Patients with advanced renal cell carcinoma (RCC) have more treatment options now than ever before — and they lie mainly within combination therapies, according to Dr. Bradley McGregor.

“The field of RCC is changing at a rapid rate and there are lots of options for our patients,” McGregor, clinical director of the Lank Center for Genitourinary Oncology at Dana-Farber Cancer Institute, said in an interview with OncLive, CURE’s sister publication. “Determining which option for which patients is going to involve a balanced discussion with the patient about side effects, convenience, (oral) versus intravenous, and how they want to manage their care going forward.”

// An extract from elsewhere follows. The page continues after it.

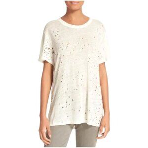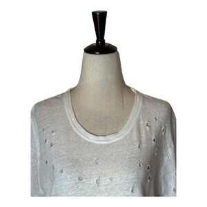 IRO Shirt Women Medium White Clay Cutout Distressed Linen Short Sleeve Tee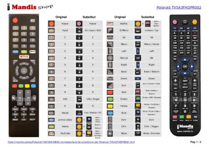 A continuació, us mostrarem la correspondència entre cada un dels botons del comandament original i el botó que realitza la mateixa funció en el comandament de substitució. En alguns casos, és possible que necessiti prémer la tecla SHIFT abans de prémer un altre botó per realitzar certes accions. Aquestes funcions addicionals sovint no s'utilitzen gaire i s'inclouen per facilitar la comprensió del comandament de substitució, o perquè el comandament original té més botons que el seu equivalent.

The revolution in the first-line treatment setting began with the approval of Opdivo (nivolumab) combined with Yervoy (ipilimumab) — both types of immunotherapies — for patients with intermediate- and poor-risk advanced RCC, explained McGregor, who is also a senior physician and instructor in medicine at Harvard Medical School. Since then, health care teams have examined other types of immunotherapy, such as Tecentriq (atezolizumab) in combination with the targeted drug Avastin (bevacizumab), which showed improved progression-free survival (the time from treatment to disease worsening).

Opdivo and Cabometyx (cabozantinib) have been used in combination with tyrosine kinase inhibitors (TKIs) including Sutent (sunitinib), Nexavar (sorafenib), Inlyta (axitinib) and Votrient (pazopanib).

“We had two combinations that we have seen data for: axitinib/avelumab (Bavencio) and axitinib/pembrolizumab (Keytruda). Both have impressive response rates of 50% with avelumab/axitinib and, for pembrolizumab/axitinib, it is close to 60%,” said McGregor. “The data obviously are still pretty early for both of these trials.”

In April, Keytruda and Inlyta were approved by the Food and Drug Administration for the front-line treatment of patients with advanced RCC. Findings from the KEYNOTE-426 trial showed significantly improved overall response rates, progression-free survival and overall survival compared with Sutent. Researchers also found that the combination led to a 47% reduction in the risk of death versus Sutent.

“When you look at 10 to 12 years ago, before the advent of sunitinib, nothing really worked,” he said. “Cytotoxic chemotherapy didn’t have a role, interleukin-2 worked in 5% of patients with severe toxicities and interferon had a lot of toxicities.”

However, McGregor explained that with newer regimens come unique side effects, dosage schedules and administration methods, which require treatment decisions to be based on the individual.

“If either patient has a pending crisis and I really need a response — if they have liver or lung metastases that are symptomatic — the TKI/immunotherapy combinations have a high response rate of 50% to 60%,” he explained. “If my goal is to get a response rate, going for the TKI/immunotherapy combination gives that best chance for an immediate response.”

“Unfortunately, even with the great responses of these combinations in the front-line setting, there are still patients who don’t respond,” McGregor added. “We need novel agents. Looking for new targets to help those patients who don’t respond to what we have is going to be critical.”

In addition to changes in the front-line setting, the adjuvant setting, or additional treatment given after primary treatment, is also transforming for patients. Four clinicals trials investigated TKIs to treat RCC. However, three of them — ASSURE, ATLAS and PROTECT — showed no difference in progression-free survival or overall survival. An improvement in disease-free survival was seen in the S-TRAC trial, which looked at very high-risk patients who received Sutent for one year. There is no difference in overall survival so far.

“As we get the data from these trials with immunotherapy, then the landscape may change,” said McGregor.